Nos escribe tío Oscar para saber cómo estamos y me informa de que Lucía Bosé ha muerto. Dice: «Acaba de morir Lucía Bosé, pero su belleza permanecerá mucho tiempo».

Me tomo muy en serio la belleza, es una fuente de placer importante y hay pocas cosas más importantes que el placer.

Lucía Bosé poseía, es cierto, ese tipo de belleza atemporal (no sujeta a ninguna moda) y absoluta. Por un lado, tenía los rasgos de una belleza canónica (hubiese sido considerada hermosa en cualquier época y tiempo) y por otro era absolutamente original y única, una combinación de rasgos y de tonalidades nunca vistos con anterioridad. Le respondí a Oscar: «Sí, era una belleza final, como la de Silvana Mangano, como la de casi todos los actores que trabajaron con Visconti».

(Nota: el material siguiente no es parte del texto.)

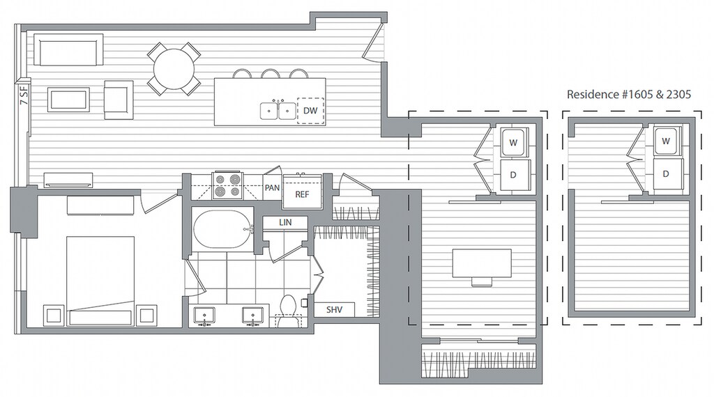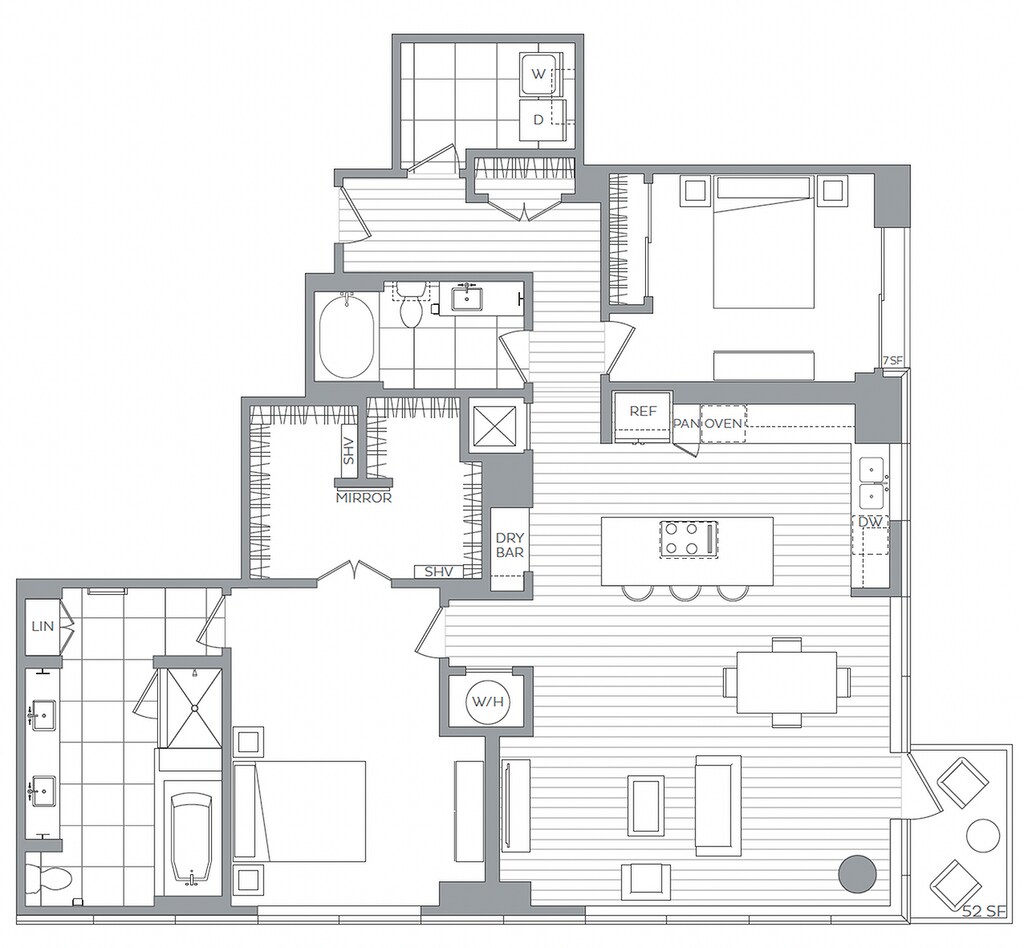 E - Floorplan 2 Apartment Unit: Main-2704Apartment Model: EStudio, 1 Bath, 618 sq ftAvailable NowFloorplan F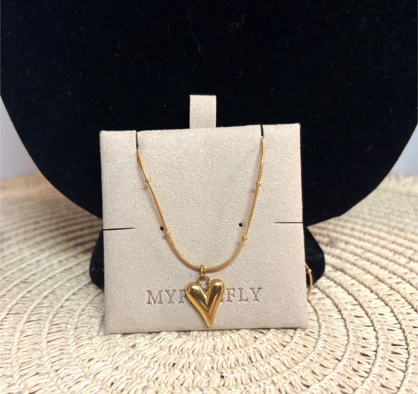 Features a small heart pendant.

Cuando hace unas semanas o meses (muchos días ya no sé ni qué día de la semana es, la verdad es que también me ocurría A.C. -antes del coronavirus-, pero menos), empezó la terrible expansión del coronavirus en Italia y llegaron las primeras imágenes de las calles de las ciudades del norte vacías, pensé: «Es el momento de ir a Venecia, la podré ver vacía por primera y última vez, voy a comprar un billete de avión».

No lo hice, claro, y al cabo de unos días, ya fue imposible.

Hablando con Oscar me di cuenta de que si deseaba tanto ver una Venecia desertada era en parte por Muerte en Venecia de Visconti, una película con el mismo tipo de belleza que Lucía Bosé: nostálgica, profunda, final, casi dolorosa (la belleza verdadera siempre lo es).

Dicen que estos últimos días se han visto cisnes navegando elegantemente por las canales de Venecia, más limpios que nunca gracias a la supresión de toda actividad humana. Lo tomo como una señal de buenaventura, junto al hecho de que el virus perdone a nuestros hijos.

Los niños vivos y sanos (aunque un poco aburridos, a ratos, en casa) y los cisnes de Venecia son la señal inequívoca de que saldremos de esta. Y de que volveremos a Venecia.